Everything seems to tie into safety somehow. In my experience, when something goes wrong or something needs to change, safety has the most common approach for accomplishing the task. I find this challenging and intriguing. I was told at an early point in my career that safety and anything involved with safety was the wave of the future.

What are some of the unique safety challenges your crews face?

If the first arriving officer taking command of a scene does not designate someone as the safety officer, then that individual retains that position during the entire incident. Safety is always our No. 1 priority. It is always my safety and my crew's safety first. We have to remember that we were called to help and we need to be part of the solution and not add to the problem.

We always face unique challenges on incidents, though extrication seems t be one of the most challenging to deal with from a safety perspective. Extrication requires a constant evaluation of hazards from the accident, a re-evaluation of the efforts of cutting a vehicle and removing people from it.

Structure fires would be the next most challenging because, in most cases, homes were not designed to have fires in them. It is required of all members to understand fire prevention methods, building construction, fire behavior, and how all of these factors affect safety.

Being a more rural fire department, do you respond to wildland fires? If so, what are some differences in ensuring safety of your crew compared to structure fires?

We do respond to wildland/brush fires and safety concerns on these vary depending on locations, smoke, heat, and fatigue. Locations can range from hilly areas with steep terrain to heavy brush and wooded areas. This is a prime issue in dealing with sprains and strains from tripping over the terrain or walking up steep hills. Dealing with the smoke from these fires can cause respiratory and visibility issues for all responders and workers. Fatigue becomes a factor when we have long periods of operations due to a bigger incident such as a conflagration.

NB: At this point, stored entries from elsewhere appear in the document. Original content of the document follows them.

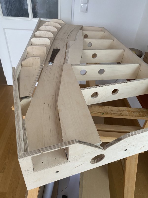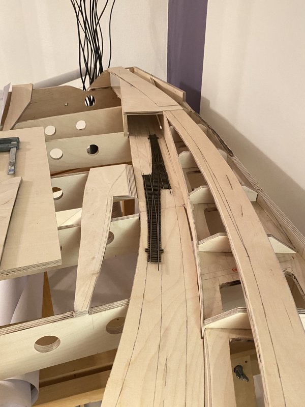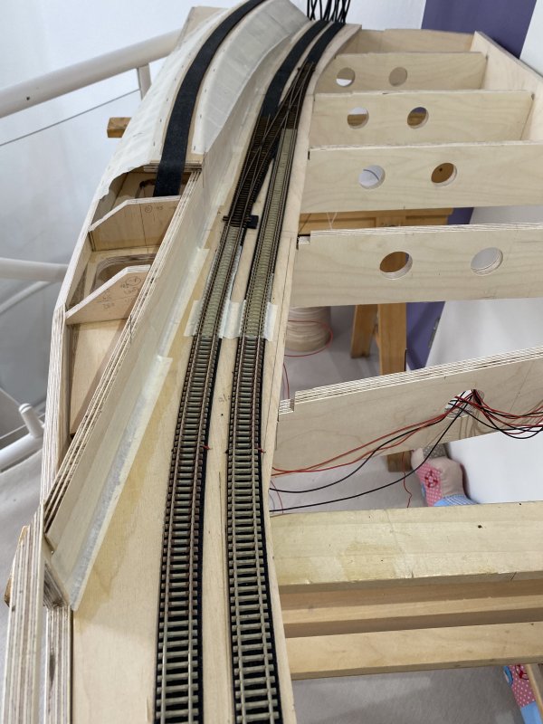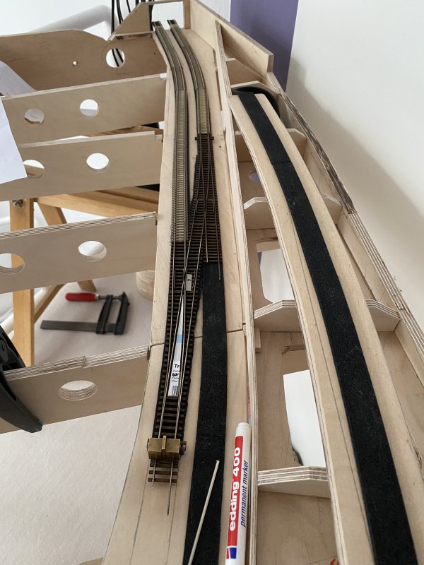 Bevor ich den „Deckel“ schließen kann müssen alle darunter liegenden Installation erledigt werden: Gleis, Schotter und die Oberleitung. Letztere soll gespannt werden. Ich arbeite auch an der Modellierung des Damms. Viele Dinge gleichzeitig und das Projekt zieht sich.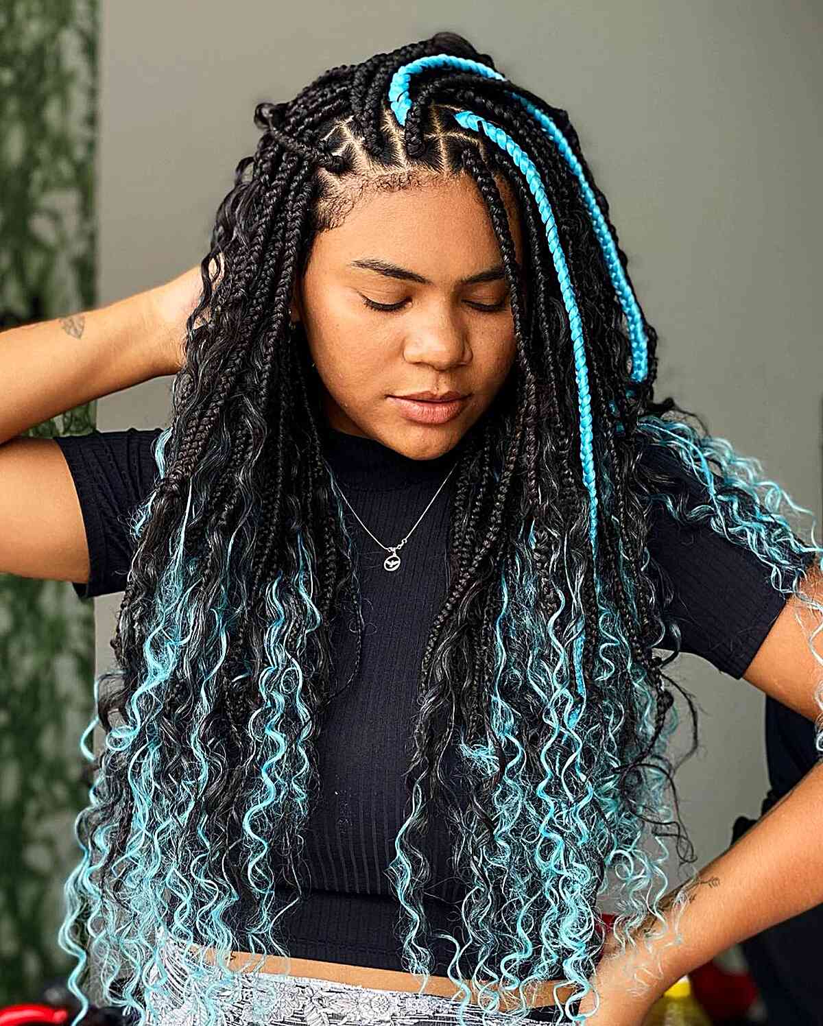 Looking to add some flair to your box braids? Consider rocking braids with teal accents for a vibrant and distinctive appearance. To elevate the style, ask for the ends of your braids to be loose and curled with human hair for a bohemian vibe. This style works best for black women who want to add some depth to their hair and stand out from the crowd. Remember to be mindful of the health of your natural hair. Take out your braids after 6 to 8 weeks to prevent any damage. Be sure to deep condition your hair before and after getting the braids. This will help to keep your strands healthy and resilient.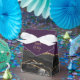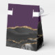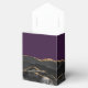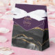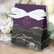 This elegant modern favour box features a black watercolor agate design trimmed with gold faux glitter. Personalise it with the names of the couple in gold-coloured handwriting script over a large ampersand, along with the wedding date below, on a purple background.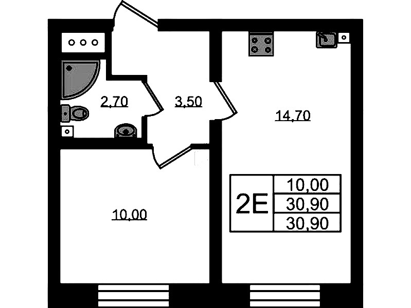 Однокомнатная квартира на 8-ом этаже 30,9 кв.м

We address these unique hazards during morning or evening briefings by the command and general staff pointing out safety concerns and hazards that have been observed by crews out working. Safe and effective initial response to wildland fires requires basic training in wildland firefighting. Wildland firefighting skills training is managed by state and local agencies, which often use or adapt courses developed by the National Wildfire Coordinating Group (NWCG).

How do you keep your firefighters engaged in safety day to day?

During an incident, the incident commander has the ultimate responsibility and authority over operations, including the safety of crews responding. On larger, more complex incidents, the responsibility of safety can be so broad that it prevents the incident commander from managing and commanding the remaining operations effectively. When this occurs, the incident commander may delegate the safety officer responsibilities and authority to a mid-level officer or firefighter. Regardless of the incident, the role of the safety officer should be defined in a department's standard operating procedures.

NFPA 1521, Standard for Fire Department Safety Officer, outlines the role of the incident safety officer and is a good reference to consider when preparing procedures for a department. We teach all firefighters the importance of safety at the beginning of every firefighter academy and continue with the safety message throughout all of our training and real life incidents. Safety is part of the culture.

In our everyday operations, we have a safety committee that reviews all safety concerns that happen in the station and on incidents. This committee reviews accidents and makes recommendations to improve safety issues that may arise.

What advice do you have for other safety and health managers hoping to make a difference?

Statistically, more firefighters are injured and killed while operating on the scene of emergency incidents than any other setting. Using an incident safety officer will significantly reduce the potential for injury and death. I believe if accidents and safety issues are predicable, then they are always preventable. Everyone is always a safety officer, even if they aren't appointed to the safety officer position. I am also always responsible for my safety and the safety of my crews. I never forget that everyone goes home.